FixTalk: Taming Identity Leakage for High-Quality Talking Head Generation in Extreme Cases¶

Conference: ICCV 2025 arXiv: 2507.01390 Code: None Area: Others (Talking Head Generation) Keywords: talking head generation, identity leakage, rendering artifacts, GAN, motion decoupling

TL;DR¶

FixTalk is proposed as a framework that addresses identity leakage in GAN-based talking head generation through two lightweight plug-and-play modules — the Enhanced Motion Indicator (EMI) and the Enhanced Detail Indicator (EDI). EMI eliminates identity information from motion features to suppress identity leakage, while EDI repurposes the leaked identity information to compensate for missing details under extreme poses, thereby removing rendering artifacts.

Background & Motivation¶

Modern talking head generation must satisfy three objectives: system efficiency (real-time inference), decoupled control (independent control of lip sync, head pose, and emotional expression), and high-quality rendering.

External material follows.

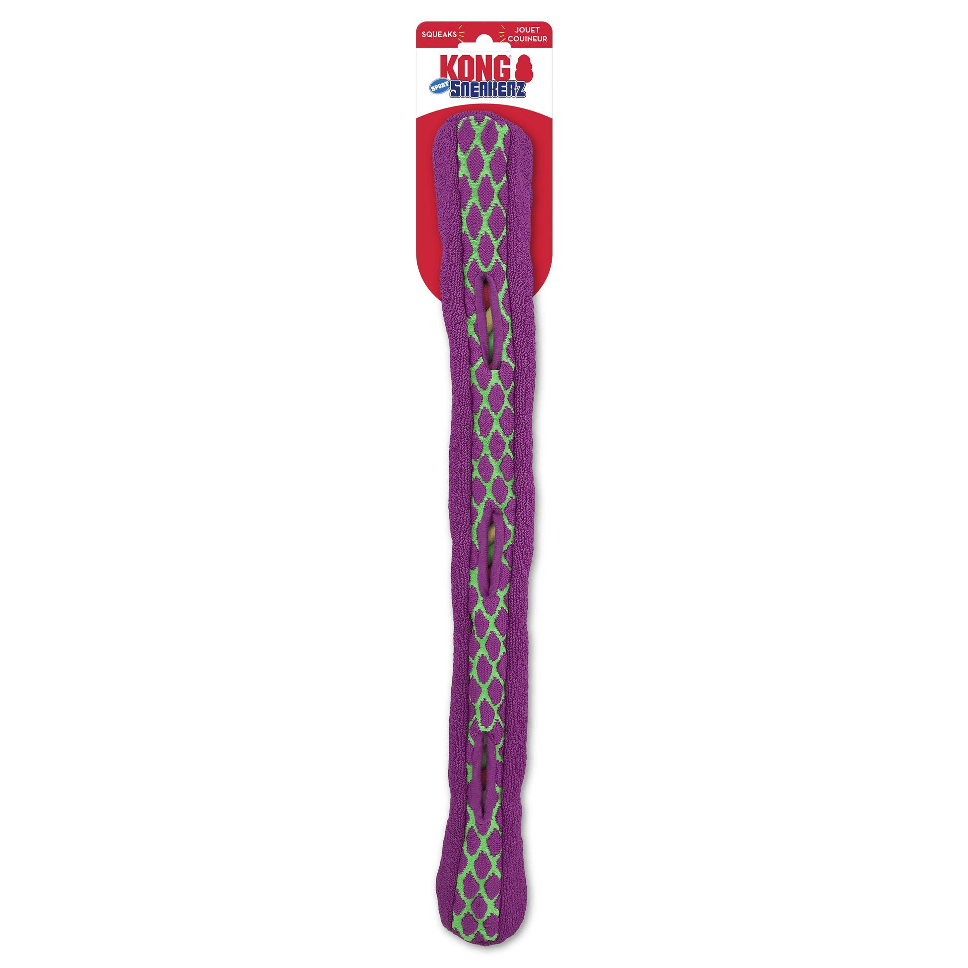 KONG Sneakerz Sport features a textured tennis shoe material that provides durability for long-lasting runs of fun. The grippy toy features peek-a-boo windows that pique foraging instincts while the internal twisted rope rewards chewing needs. The 20” long stick shape is ideal for interactive tugging sessions and the multiple squeakers are sure to extend playtime.

Meeting the first two objectives necessitates the use of GANs rather than diffusion models; however, GAN-based approaches suffer from two persistent problems:

Identity Leakage (IL): Identity information from the driving image (e.g., face shape) bleeds into the source image, altering the appearance of the source subject.

Rendering Artifacts (RA): Visible artifacts appear under extreme poses and exaggerated expressions.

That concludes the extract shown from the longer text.